'''
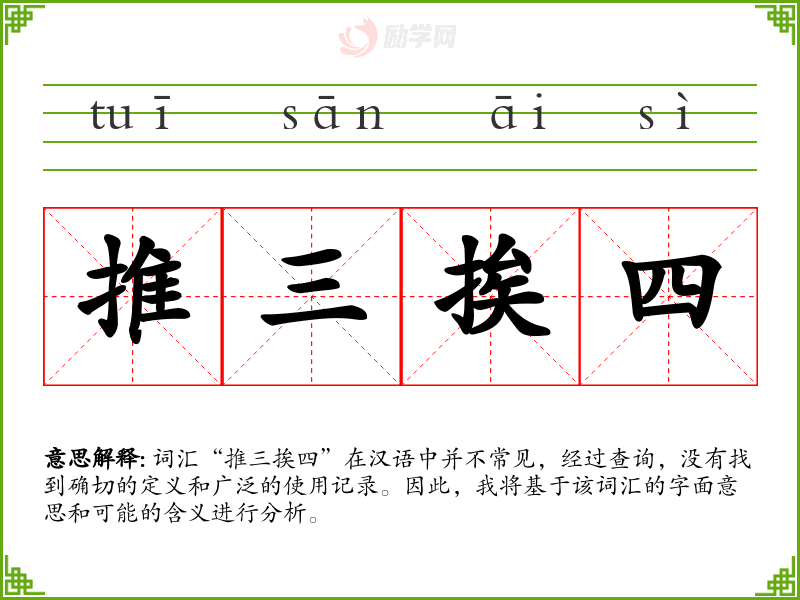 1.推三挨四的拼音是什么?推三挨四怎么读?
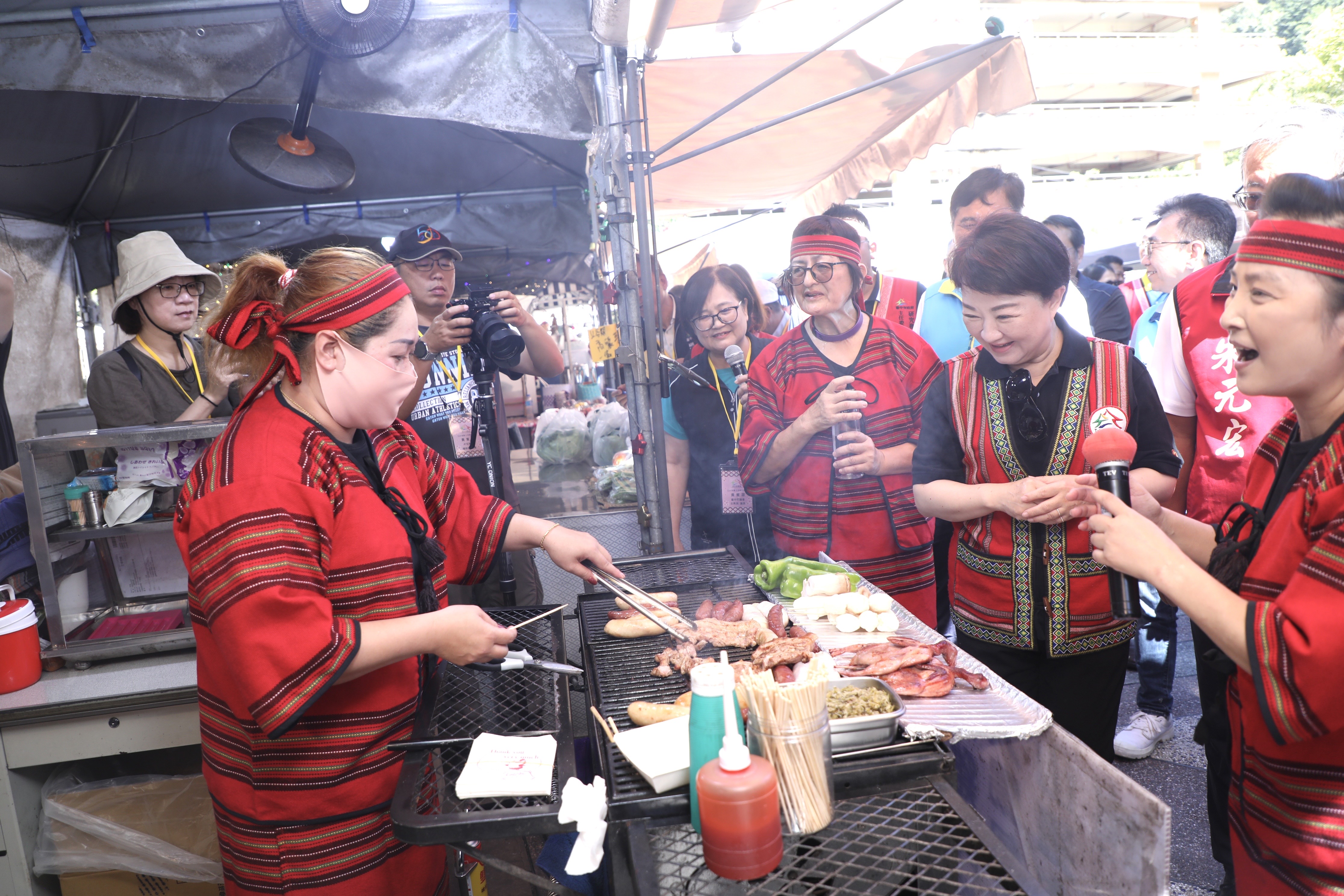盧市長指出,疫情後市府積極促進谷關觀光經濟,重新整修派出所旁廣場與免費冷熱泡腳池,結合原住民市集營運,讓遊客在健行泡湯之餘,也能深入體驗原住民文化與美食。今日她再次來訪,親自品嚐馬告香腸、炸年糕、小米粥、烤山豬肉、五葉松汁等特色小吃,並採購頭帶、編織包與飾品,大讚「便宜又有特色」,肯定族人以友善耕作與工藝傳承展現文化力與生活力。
'''
'''
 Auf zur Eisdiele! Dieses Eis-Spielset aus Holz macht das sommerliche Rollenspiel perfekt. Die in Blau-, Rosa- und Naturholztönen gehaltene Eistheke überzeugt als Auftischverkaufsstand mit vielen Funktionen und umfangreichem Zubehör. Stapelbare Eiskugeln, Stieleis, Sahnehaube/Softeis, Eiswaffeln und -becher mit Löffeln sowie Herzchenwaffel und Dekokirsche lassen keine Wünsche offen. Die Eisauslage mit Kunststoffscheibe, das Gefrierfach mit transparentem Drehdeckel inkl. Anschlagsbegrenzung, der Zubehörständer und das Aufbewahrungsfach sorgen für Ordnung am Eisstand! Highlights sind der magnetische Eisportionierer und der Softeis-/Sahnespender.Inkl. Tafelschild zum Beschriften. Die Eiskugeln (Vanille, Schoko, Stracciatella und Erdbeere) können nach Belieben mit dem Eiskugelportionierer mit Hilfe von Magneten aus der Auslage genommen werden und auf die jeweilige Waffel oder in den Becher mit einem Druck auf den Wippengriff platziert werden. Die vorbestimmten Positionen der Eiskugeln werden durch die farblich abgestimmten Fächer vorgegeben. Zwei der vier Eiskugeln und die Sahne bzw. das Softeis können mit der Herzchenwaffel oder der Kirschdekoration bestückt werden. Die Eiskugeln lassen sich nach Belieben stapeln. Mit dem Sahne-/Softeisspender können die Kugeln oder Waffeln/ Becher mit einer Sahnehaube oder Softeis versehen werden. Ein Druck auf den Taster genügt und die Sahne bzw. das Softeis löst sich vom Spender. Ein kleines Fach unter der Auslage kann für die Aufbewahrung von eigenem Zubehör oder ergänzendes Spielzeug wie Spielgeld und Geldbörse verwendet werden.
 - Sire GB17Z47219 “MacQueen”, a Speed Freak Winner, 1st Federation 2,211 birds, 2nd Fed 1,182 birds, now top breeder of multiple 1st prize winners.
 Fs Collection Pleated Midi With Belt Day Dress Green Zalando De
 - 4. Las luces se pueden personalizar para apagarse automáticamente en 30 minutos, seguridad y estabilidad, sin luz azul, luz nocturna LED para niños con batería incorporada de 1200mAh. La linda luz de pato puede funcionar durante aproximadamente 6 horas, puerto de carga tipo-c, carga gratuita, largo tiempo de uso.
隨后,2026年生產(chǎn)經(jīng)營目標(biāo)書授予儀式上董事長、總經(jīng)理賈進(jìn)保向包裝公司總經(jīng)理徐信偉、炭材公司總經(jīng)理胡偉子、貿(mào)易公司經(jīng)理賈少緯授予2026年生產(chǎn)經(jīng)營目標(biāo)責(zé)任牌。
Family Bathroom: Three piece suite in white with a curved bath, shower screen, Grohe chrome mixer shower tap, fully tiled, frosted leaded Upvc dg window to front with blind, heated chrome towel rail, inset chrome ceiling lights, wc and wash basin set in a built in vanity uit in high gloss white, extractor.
'''
'''
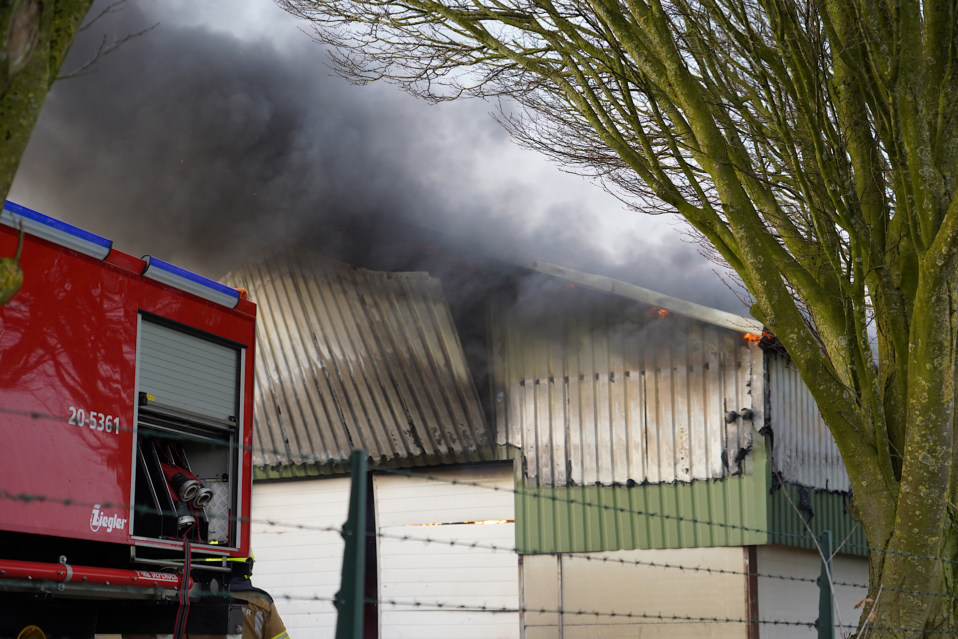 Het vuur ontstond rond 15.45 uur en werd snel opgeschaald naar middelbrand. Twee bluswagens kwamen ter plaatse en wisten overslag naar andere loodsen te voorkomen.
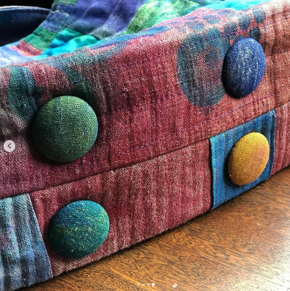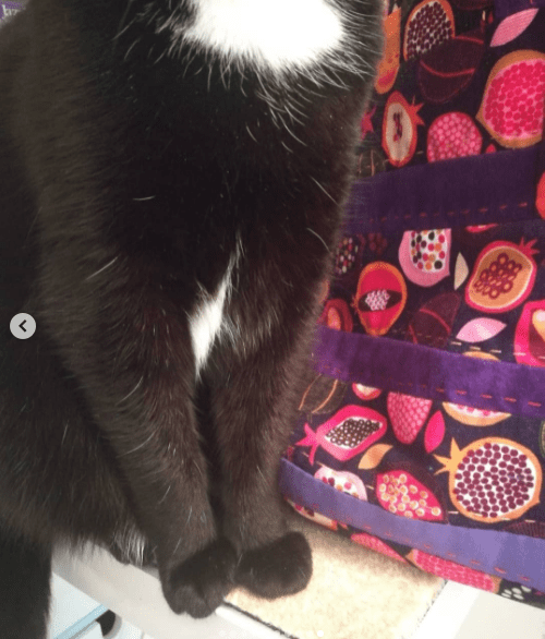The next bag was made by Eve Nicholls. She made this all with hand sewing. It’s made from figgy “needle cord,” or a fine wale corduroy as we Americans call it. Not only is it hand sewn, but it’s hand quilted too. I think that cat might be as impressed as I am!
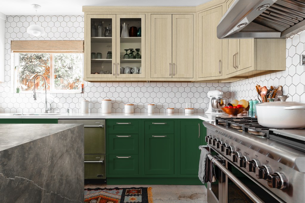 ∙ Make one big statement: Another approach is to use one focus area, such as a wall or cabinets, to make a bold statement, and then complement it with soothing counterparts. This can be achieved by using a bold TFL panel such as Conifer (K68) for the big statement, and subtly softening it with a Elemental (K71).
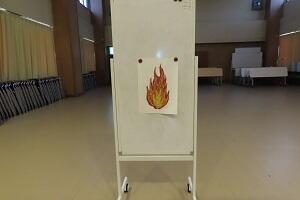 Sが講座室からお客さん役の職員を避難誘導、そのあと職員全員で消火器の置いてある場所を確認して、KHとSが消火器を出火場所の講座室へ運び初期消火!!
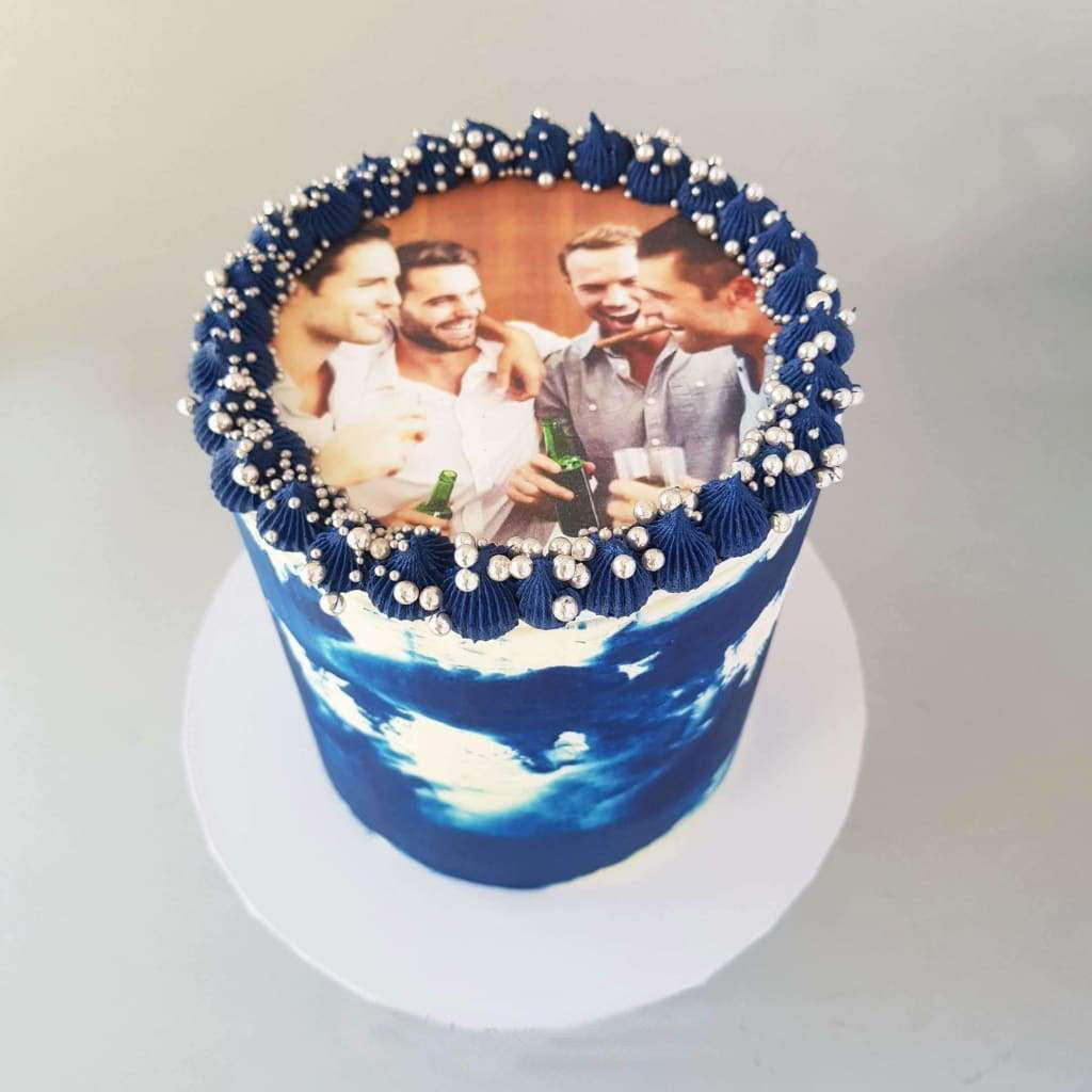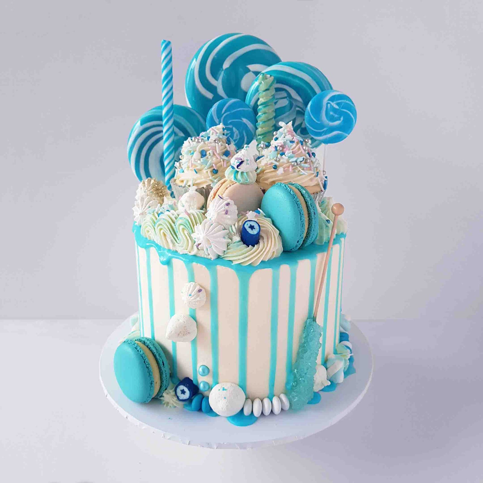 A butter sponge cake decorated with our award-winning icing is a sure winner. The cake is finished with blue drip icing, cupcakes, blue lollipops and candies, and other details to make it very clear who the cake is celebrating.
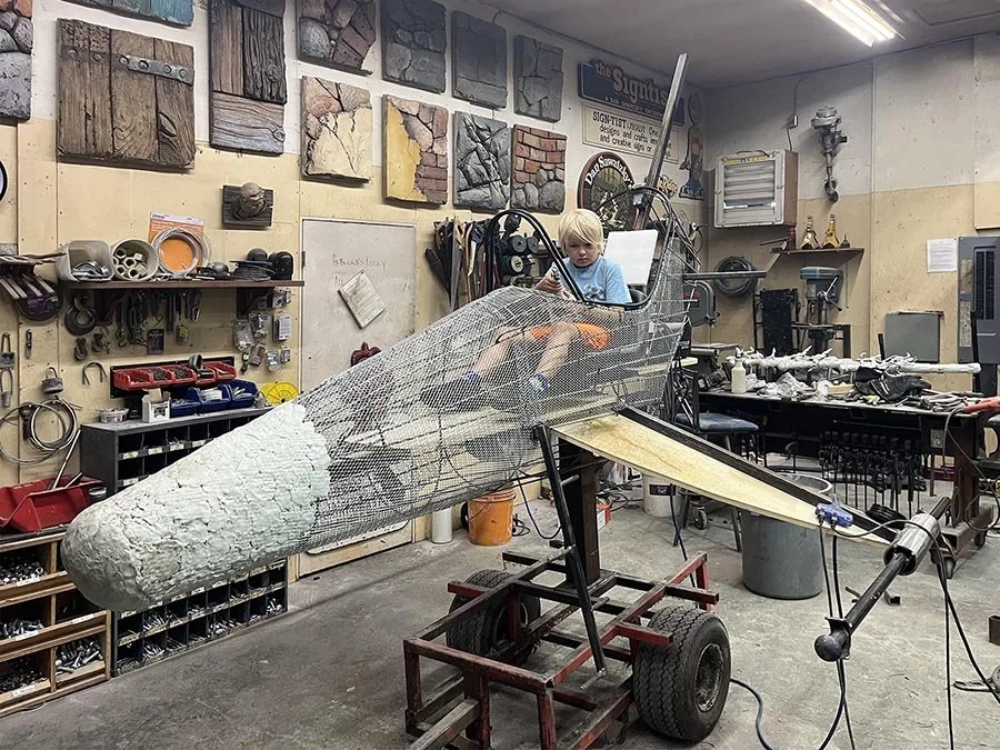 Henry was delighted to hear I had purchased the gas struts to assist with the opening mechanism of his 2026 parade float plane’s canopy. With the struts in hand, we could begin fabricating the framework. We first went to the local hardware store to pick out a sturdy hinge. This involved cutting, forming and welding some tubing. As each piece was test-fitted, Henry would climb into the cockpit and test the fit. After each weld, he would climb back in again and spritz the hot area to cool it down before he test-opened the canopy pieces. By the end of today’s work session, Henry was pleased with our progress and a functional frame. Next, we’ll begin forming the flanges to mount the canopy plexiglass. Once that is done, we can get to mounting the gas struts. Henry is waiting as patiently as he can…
'''
What this task involves:
Copy out exactly the material that runs from the line with "The next bag" to the line with "A butter sponge", ends included, and leave the pictures behind.

Result of this exercise:
The next bag was made by Eve Nicholls. She made this all with hand sewing. It’s made from figgy “needle cord,” or a fine wale corduroy as we Americans call it. Not only is it hand sewn, but it’s hand quilted too. I think that cat might be as impressed as I am!
 ∙ Make one big statement: Another approach is to use one focus area, such as a wall or cabinets, to make a bold statement, and then complement it with soothing counterparts. This can be achieved by using a bold TFL panel such as Conifer (K68) for the big statement, and subtly softening it with a Elemental (K71).
 Sが講座室からお客さん役の職員を避難誘導、そのあと職員全員で消火器の置いてある場所を確認して、KHとSが消火器を出火場所の講座室へ運び初期消火!!
 A butter sponge cake decorated with our award-winning icing is a sure winner. The cake is finished with blue drip icing, cupcakes, blue lollipops and candies, and other details to make it very clear who the cake is celebrating.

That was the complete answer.